* _Material supplied_
################

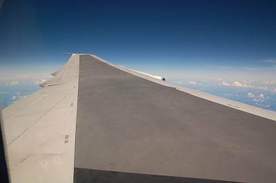 例によってスポットを離れてから離陸まで30分程かかりましたが、無事に飛び上がり一安心。 |
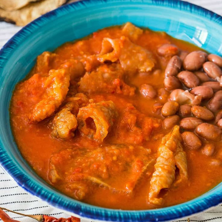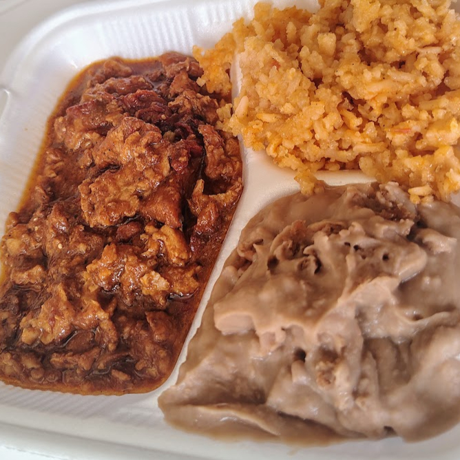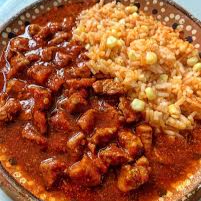 CHICHARRON DE CACHETE GUISADO EN SALSA DE CHILE MORITA ACOMPAÑADO CON ARROZ Y FRIJOLES
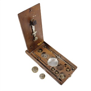 Apotheker/Goldschmiedewaage bis 30 g, 1940/50er Jahre, Holzetui mit Gramm Gewichten und Pinzette, ungep.
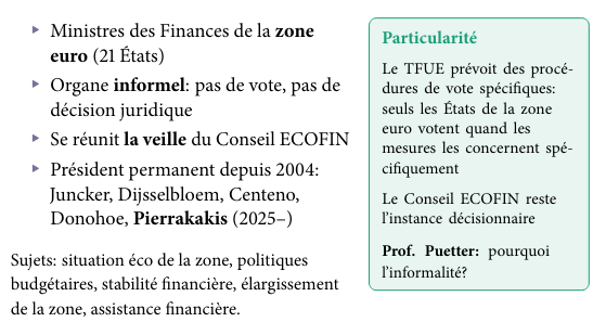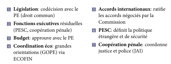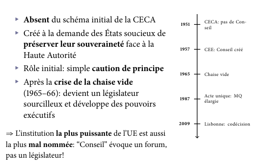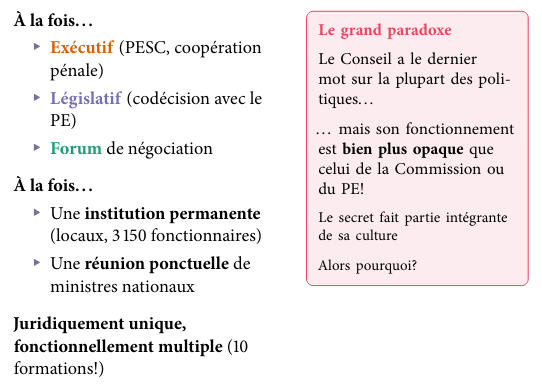 Institutions créées ad hoc organiquement et donc compétences pas si claires comme dans les états. Il est exécutif pour l’intérieur et l’extérieur, il négocie pendant la crise de la zone euro pour trouver des solutions à des problèmes difficiles (logiciel intellectuel).
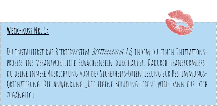 In 2019 biete ich erstmals das Jahresprogramm „Küss deine Bestimmung wach – Ein Jahr für deine Berufung“ an. Das ist ein Jahres-Trainingsprogramm für Menschen, die Nägel mit Köpfen machen wollen und die Willens sind, aus ihrem persönlichen Hamsterrad der Selbst-Sabotage und der Zweifel auszusteigen. Wenn du also keine Zeit mehr verlieren willst, genug hast von deinen eigenen Ausreden und bereit bist, mutige Schritte in Richtung deiner Berufung zu gehen, dann könnte dieses Programm genau das Richtige für dich sein. Falls du vorab schon mehr wissen willst, trage dich in diese Interessentenliste ein.
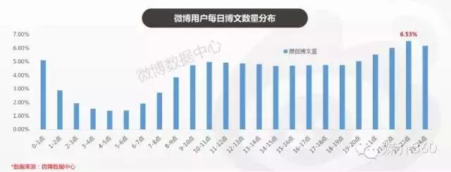 微博用户每日发布的博文数据中不难看出,微博用户发布博文行为主要集中于一般用户活动时间内(6点至24点间),而博文发布的最高点位于晚间时分,其中22-23点间为用户发布博文的最高时段。
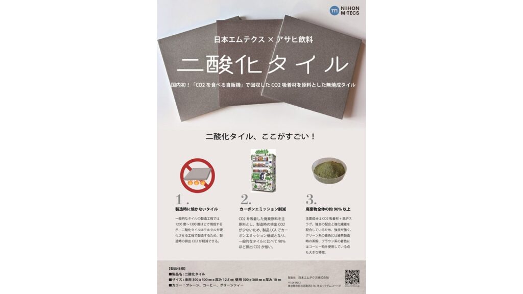 空気中のCO₂を吸着した原料を主成分に、焼かずに製造する環境配慮型「二酸化タイル」。製造時のCO₂ 排出を約90%削減、素材の9割超がアップサイクル原料。お茶殻・コーヒー粕など天然素材で着色した3色展開。300×300mm、床用12.5mm。

################

* _Task_
For the data above, set down exactly the lines from the line with "Apotheker/Goldschmiedewaage bis 30" to the line with "Institutions créées ad", both included, leaving pictures out.

* _Reply to the task_
 Apotheker/Goldschmiedewaage bis 30 g, 1940/50er Jahre, Holzetui mit Gramm Gewichten und Pinzette, ungep.
 Institutions créées ad hoc organiquement et donc compétences pas si claires comme dans les états. Il est exécutif pour l’intérieur et l’extérieur, il négocie pendant la crise de la zone euro pour trouver des solutions à des problèmes difficiles (logiciel intellectuel).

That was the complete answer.